A Harry Potter-looking kid named Noah and his ridiculously precocious sister Emma find a Hellraiser cube while vacationing on Whidbey Island. Upon opening up this devious looking thing, they discover a translucent lime green TV remote. Later than night, the Hellraiser cube smoothly transitions into a Mary Poppins bag, as the little girl keeps pulling more and more stuff out of it, including a old-tymey and evil-looking stuffed bunny named Mimzy.

Mimzy talks in a series of E.T./ Gizmo gurgles that are really telepathic messages sent only to Emma. Soon Emma is levitating stones, and Noah is teleporting golf balls and cans of Sprite.

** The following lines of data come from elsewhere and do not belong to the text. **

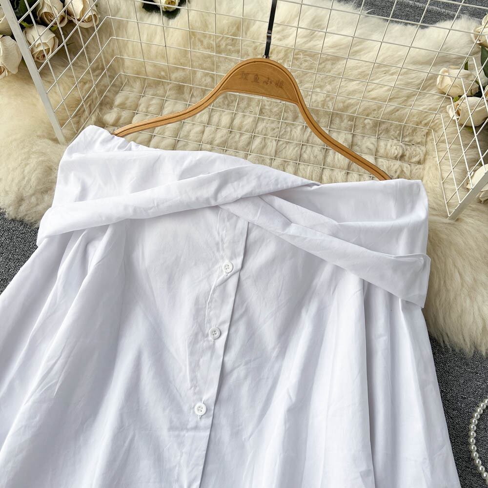 Nomikuma ツイストオフショルダーストラップレスブラウストップス長袖シングルブレストシャツ ロング
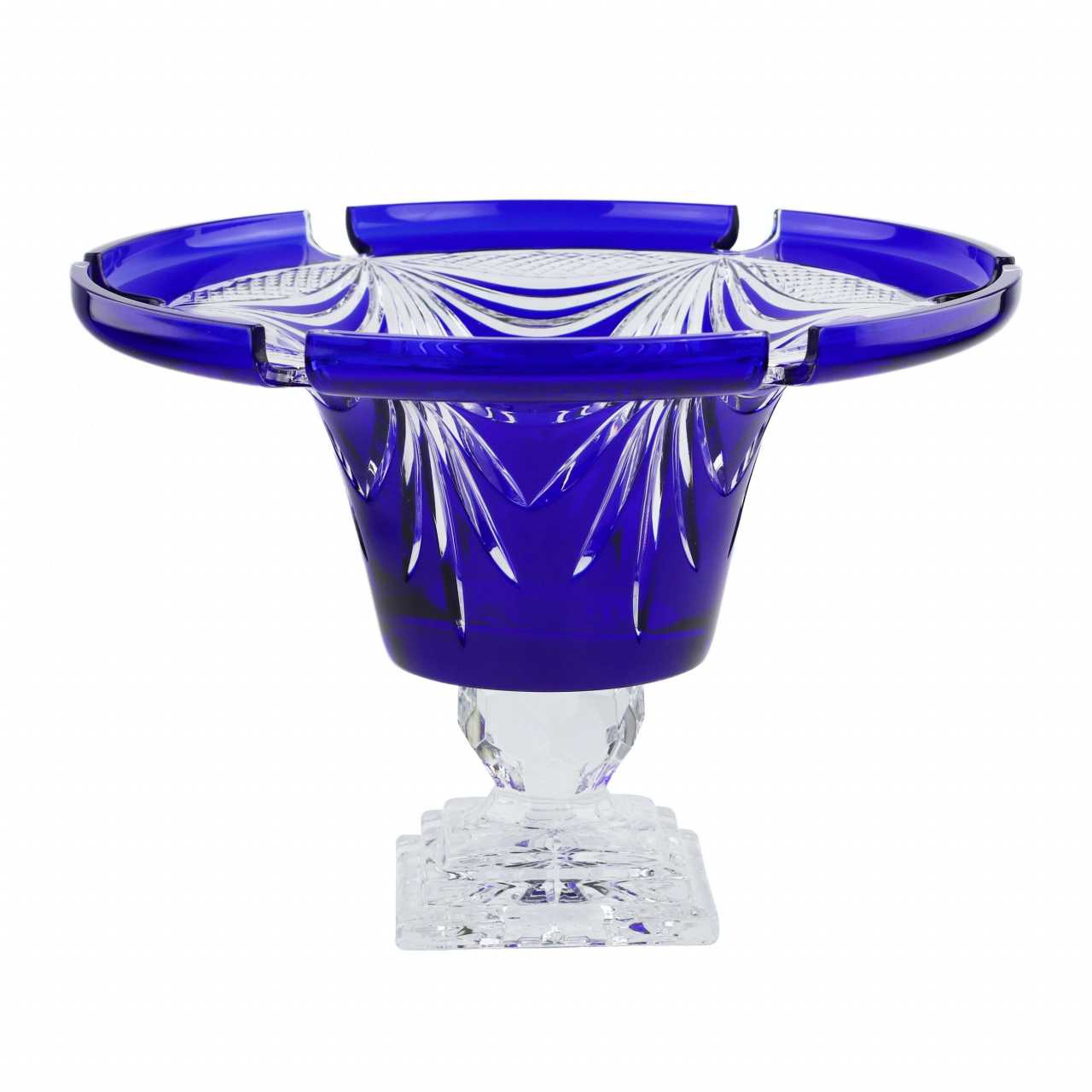 An elegant two-tone crystal bowl, made by blowing and complemented by hand cutting. An elegant centerpiece of the table, designed for serving six glasses and a decanter or fruit. A magnificent example of collectible decorative art. The product is signed and numbered, model GERARD, which confirms its exclusive status and high quality of execution. Dimensions: Height: 26 cm. Diameter: 35 cm. Condition: In excellent condition.
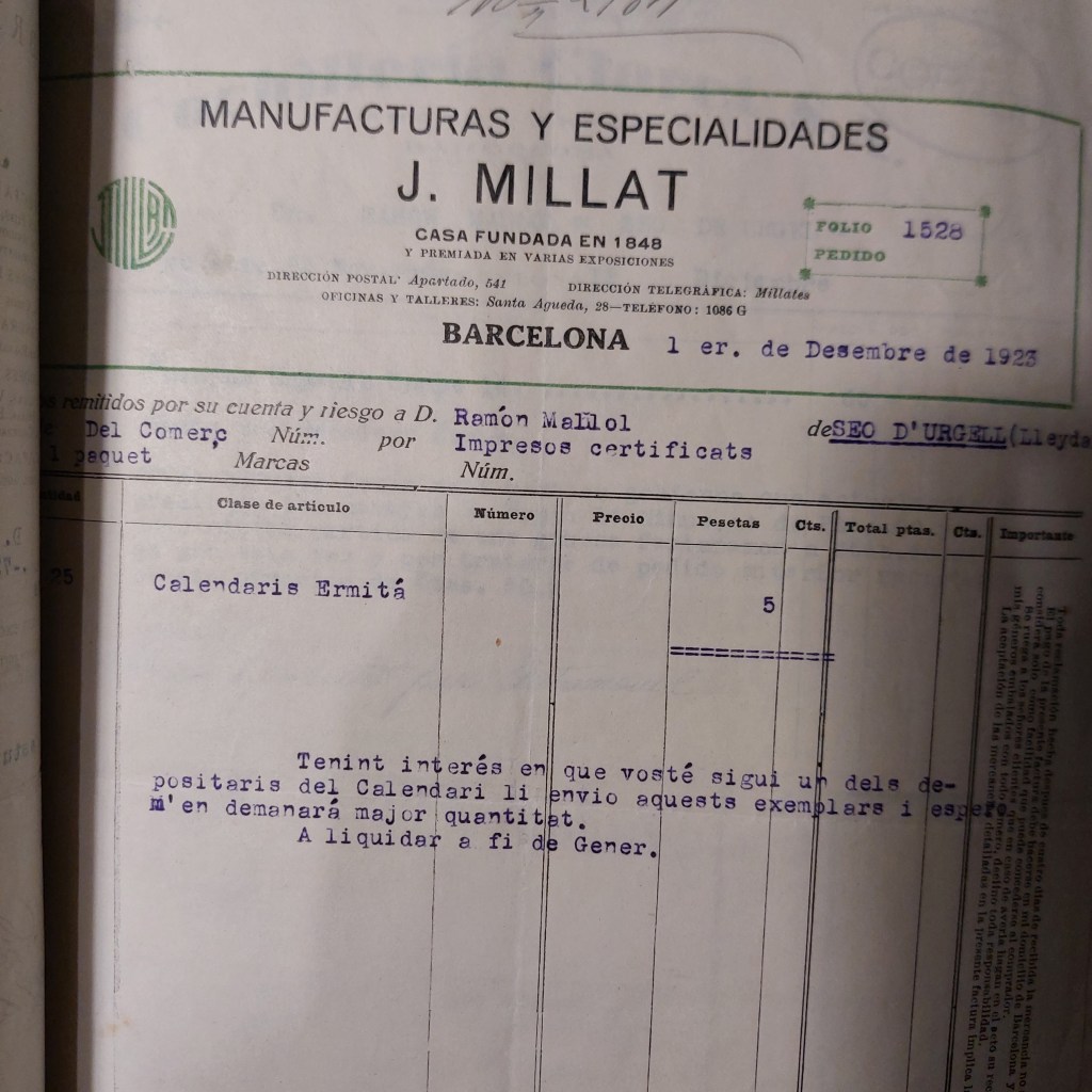 De les factures del 1923. aquesta dels calendaris de l’ERMITÁ. Els accents oberts no eren norma encara. Les factures d’ aquests anys estan relligades amb uns arxivadors de difícil desmuntatge ,perdoneu la mala qualitat de la foto.

Eventually, Emma seems to be conjuring up something nefarious and Noah starts commanding spiders to make bridges for him by making kazoo noises in their general direction.

Were Mimzy a horror picture, their parents would’ve already gone through three exorcists.

The kids are soon in over their tiny heads when the USA PATRIOT act allows good guy FBI agent Michael Clarke Duncan to kidnap the entire family. The kids and their stuffed animal baffle the world’s top experts, especially when science guys find the Intel logo etched on the bunny’s ultra-futuristic nanotechnology.

Helping the kids along their mysterious path is Noah’s psychic science teacher (Rainn Wilson from TV’s The Office) and the teacher’s lotto obsessed palm-reading girlfriend.

In the end, we end up finding out that Mimzy is somewhere between the T-800 and the specter who haunts Donnie Darko. That is to say, he is a rabbit sent from the future to kill Linda Hamilton.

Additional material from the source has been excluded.